Gravado na História do Brasil Brasil se despede do poeta e ilustrador J. Borges, reconhecido mundialmente como o mestre das xilogravuras e Patrimônio Vivo de Pernambuco

André Guerra

Publicação: 27/07/2024 03:00

Eternizado pelos seus cordéis e xilogravuras, José Francisco Borges dedicou a vida a criar peças que há muitas décadas são consideradas símbolo da identidade pernambucana. Dono de um estilo inconfundível que impressiona gerações e é celebrado em exposições ao redor do mundo, J. Borges faleceu na manhã da sexta (26), aos 88 anos, em sua casa em Bezerros, sua terra-natal, devido a uma parada cardíaca. Poeta e ilustrador celebrado como um dos maiores do país e patrimônio do estado de Pernambuco, ele teve sua trajetória artística iniciada desde cedo, confeccionando brinquedos artesanais e vendendo livretos de cordel.

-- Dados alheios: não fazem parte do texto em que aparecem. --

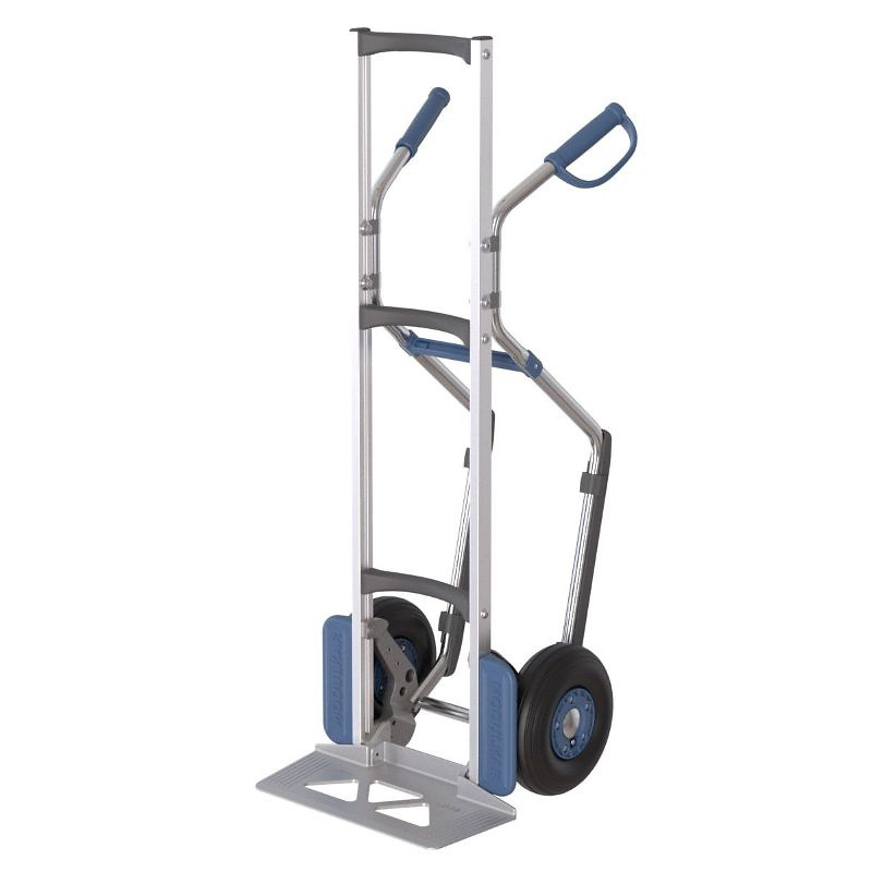 Eine weitere vielseitige Sackkarrenversion ist der ModulKar BOXER Pistol. Ähnlich wie der "BOXER", ist auch diese Version perfekt für verschiedene Transportsituationen gemacht. Ausgestattet mit Pistolengriffen und Treppengleitkufen und einer Tragkraft von bis zu 300 kg, ist der ModulKar BOXER Pistol der ideale Begleiter für Branchen wie Einzelhandel, Lagerbetriebe, Eventlogistiker und vielen weiteren.

Nascido em 20 de dezembro de 1935, J. Borges escrevia suas histórias de cordel já aos 21 anos e chamou atenção de vários colecionadores, ganhando atenção particularmente nos ano 1970 quando seu trabalho com xilogravuras teve visibilidade nacional pela televisão. As ilustrações viraram ícones da cultura nordestina: vaqueiros, casais namorando, árvores e pássaros, gravados em diversos tamanhos e contando inúmeras histórias, estão entre as figuras retratadas por ele e passaram a compor o universo de outros grandes artistas, a exemplo de Ariano Suassuna.

"Quando Ariano viu [um dos cordéis], ele disse: "onde é que mora essa fera? Eu quero conhecer essa pessoa". Depois que ele falou que eu era o melhor do Nordeste e o melhor do Brasil, aí encaminharam e eu não tive mais sossego, até hoje", brincou o mestre das xilogravuras em sua última entrevista ao Diario de Pernambuco, em 2023.

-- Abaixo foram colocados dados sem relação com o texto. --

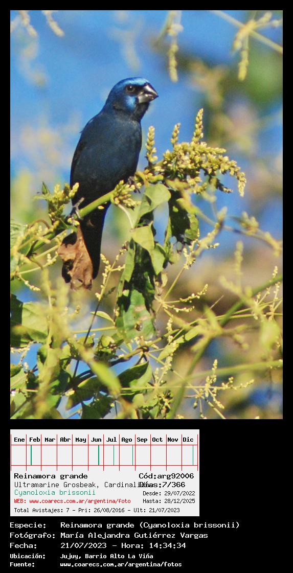 [arg92006] - Reinamora grande - Ultramarine Grosbeak -

Em Bezerros, o Memorial J. Borges reúne parte de sua obra e objetos pessoais e se tornou um ponto alto de visitação do interior do estado, além de ateliê onde ele, até o fim da vida, seguiu produzindo peças novas e recebendo as pessoas. A obra de J. Borges sempre refletiu a variedade temática do interior de Pernambuco, onde ele viveu quase toda a vida. Lendas, folclore, cotidiano, religiosidade e política estão em seus escritos e ilustrações.

Escritora, pesquisadora e biógrafa do mestre das xilogravuras, Maria Alice Amorim, que escreveu o livro J. Borges: Entre fábulas e astúcia, relembrou em entrevista ao Viver a influência e impacto do artista no cenário cultural pernambucano e brasileiro. "Ele conseguia conquistar as pessoas com a conversa, com o sorriso. Sempre me chamou a atenção a capacidade de reinventar-se, esse espírito de fabulação, essa disponibilidade para interagir com as pessoas e, sobretudo, de liderar e aglutinar para trabalhar em equipe", revelou. "Com muita vitalidade, ao longo das décadas de atuação, ele buscou se adaptar às novas demandas relacionadas ao universo do cordel e da xilogravura, por isso se manteve atuante, produzindo, inserido nos circuitos artísticos e no mercado. Viveu até os últimos momentos com disposição, alegria, vitalidade. E a mesma gigantesca memória de toda a vida", completou.

Diversas personalidades, entre artistas e políticos, lamentaram a perda de J. Borges. O presidente Luiz Inácio Lula da Silva também lamentou o falecimento do artista, descrevendo-o como "um dos maiores xilogravuristas do país". "Fiquei muito feliz de poder levar sua arte até o Papa", relembrou o chefe do executivo.

"Levou Bezerros e o Agreste e Pernambuco para o mundo. Vai deixar uma saudade imensa, mas as a sua grandiosidade permanecerá aqui pelas mãos de seus filhos, discípulos e centenas de xilogravuras que representam tão bem a nossa cultura", escreveu a governadora Raquel Lyra.

O prefeito do Recife, João Campos, postou em rede social sua homenagem. "J. Borges gravou na madeira as histórias de um Nordeste realista, fantástico e armorial. Dono de um sorriso largo, era patrimônio de Pernambuco e gênio da cultura popular reconhecido no Brasil e no mundo. As novas histórias de cordéis deverão contar, em breve, a generosidade e a sensibilidade em tudo que fazia. Sabia unir seu olhar singular para a vida com uma capacidade indecifrável de retratar versos. Sempre que passava por Bezerros, no Agreste, fazia questão de vê-lo e de admirar a sua arte. A partida dele, deixa Pernambuco com o "coração na mão", como ele mesmo gravou. Em toda parte, J. Borges vai deixar muita saudade."